Power-law and Ellis Model Fluids Flow Through Pipes — Lesson 2

This lesson covers the transport phenomena of non-Newtonian fluids, focusing on Power-law and Ellis Model Fluids Flow through Pipes. It begins with a recap of the previous class, discussing the development of the velocity profile for time-independent non-Newtonian fluid. The lesson then delves into the details of how to obtain the velocity profile, volumetric flow rate, average and maximum velocity, and pressure distribution for a fluid flowing through a pipe due to pressure difference. The lesson also explains the importance of the friction factor in designing and controlling operational parameters.
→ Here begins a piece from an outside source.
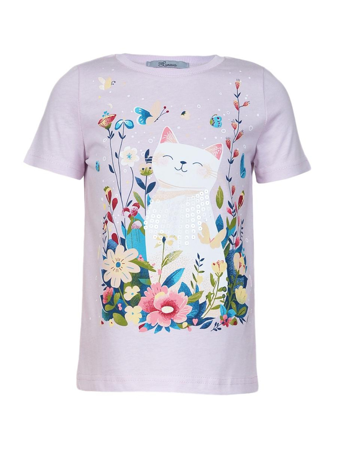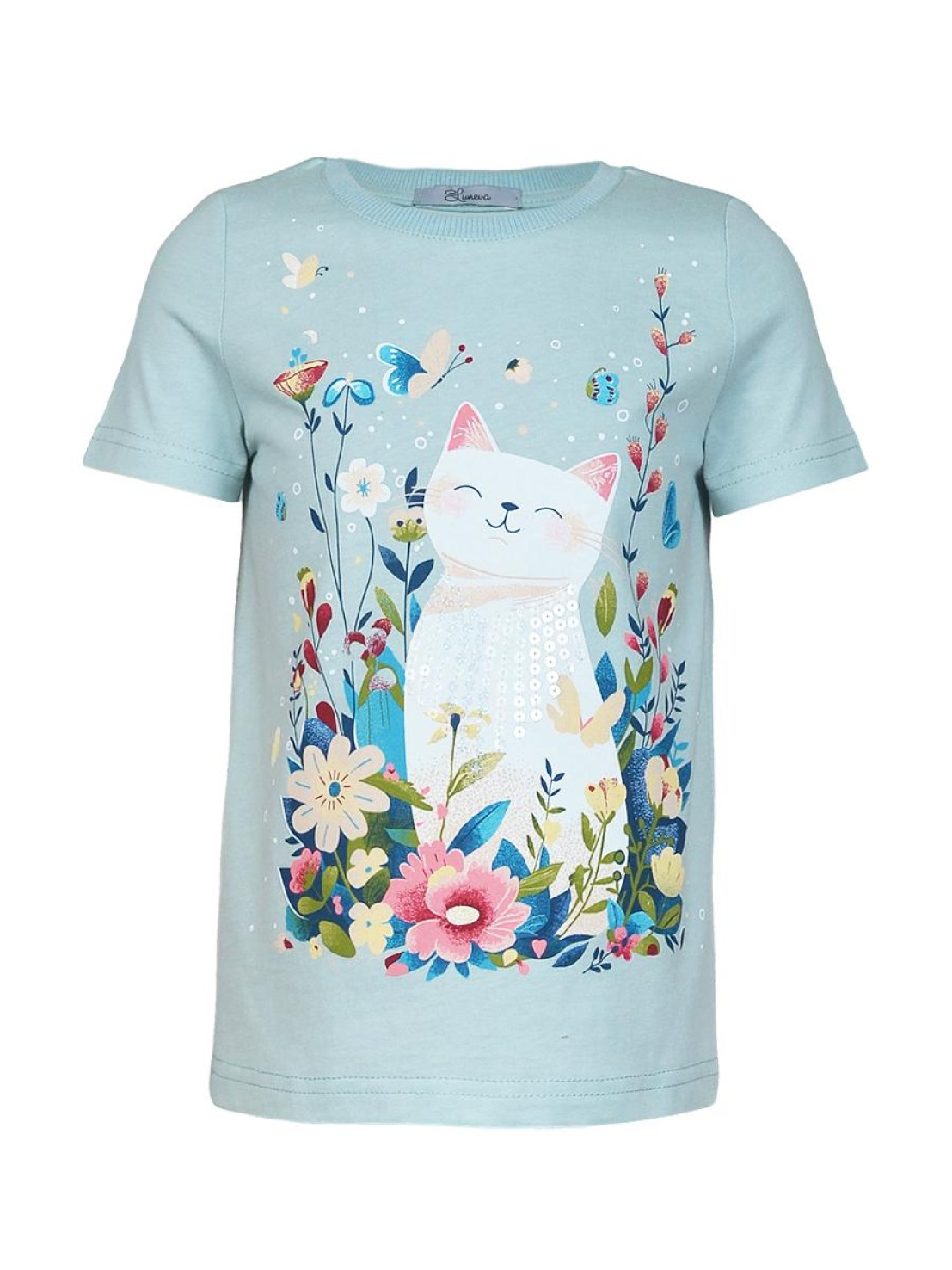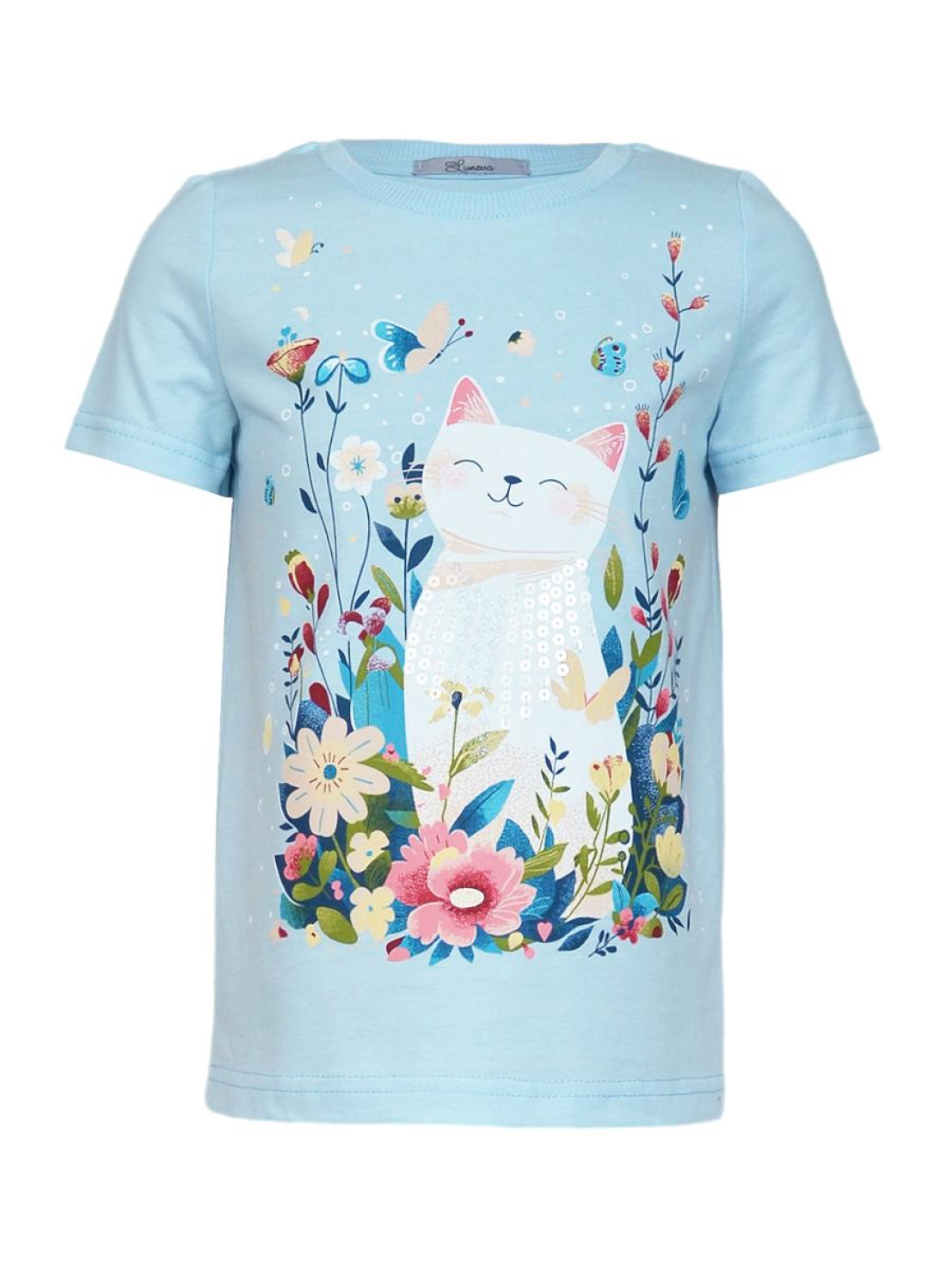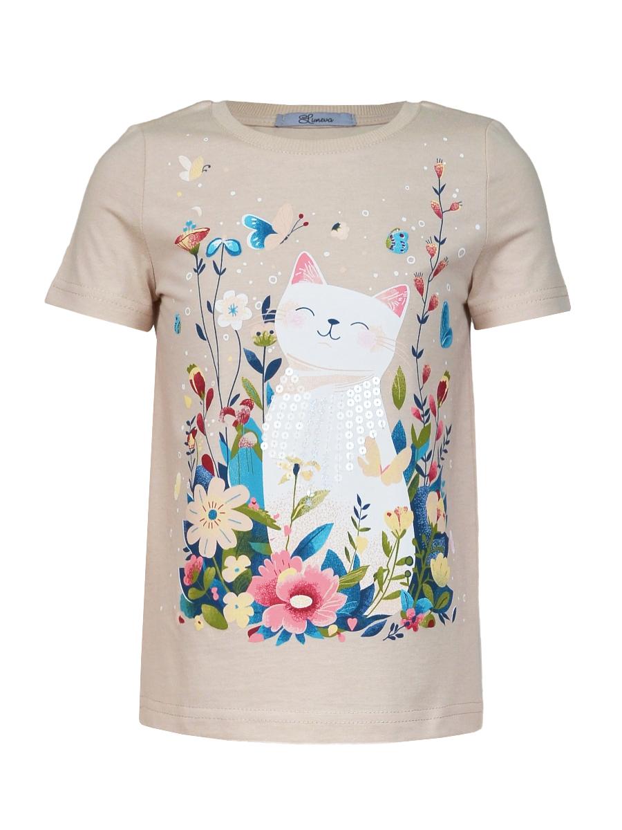 Кулирное полотно:100% х/б. Фуфайка-прямой силуэт,печать и вышивка(пайетки) на переде,короткий втачной рукав.Низ рукава и фуфайки подшит.Горловина обработана ластиком.

Towards the end, the lesson provides a detailed walkthrough of how to calculate the pressure drop required to maintain a specific volumetric flow rate.

Video Highlights

01:13 - Explanation of how to obtain the velocity profile, volumetric flow rate, average and maximum velocity for a power law fluid flowing through a pipe.
13:12 - Derivation of the velocity profile for Ellis model fluid flowing through a circular tube.
32:09 - Calculation of the maximum velocity and volumetric flow rate for Ellis model fluid.
41:29 - Solving an example problem related to the pressure drop required to maintain a certain volumetric flow rate through a pipe for an Ellis model fluid.

Key Takeaways

  • The velocity profile, volumetric flow rate, average and maximum velocity, and pressure distribution can be obtained for a fluid flowing through a pipe due to pressure difference.
  • The friction factor is an essential factor in designing and controlling operational parameters.
  • The pressure drop required to maintain a specific volumetric flow rate can be calculated using the principles of transport phenomena of non-Newtonian fluids.
  • The transport phenomena of non-Newtonian fluids can be applied in practical scenarios, as illustrated in the example problem.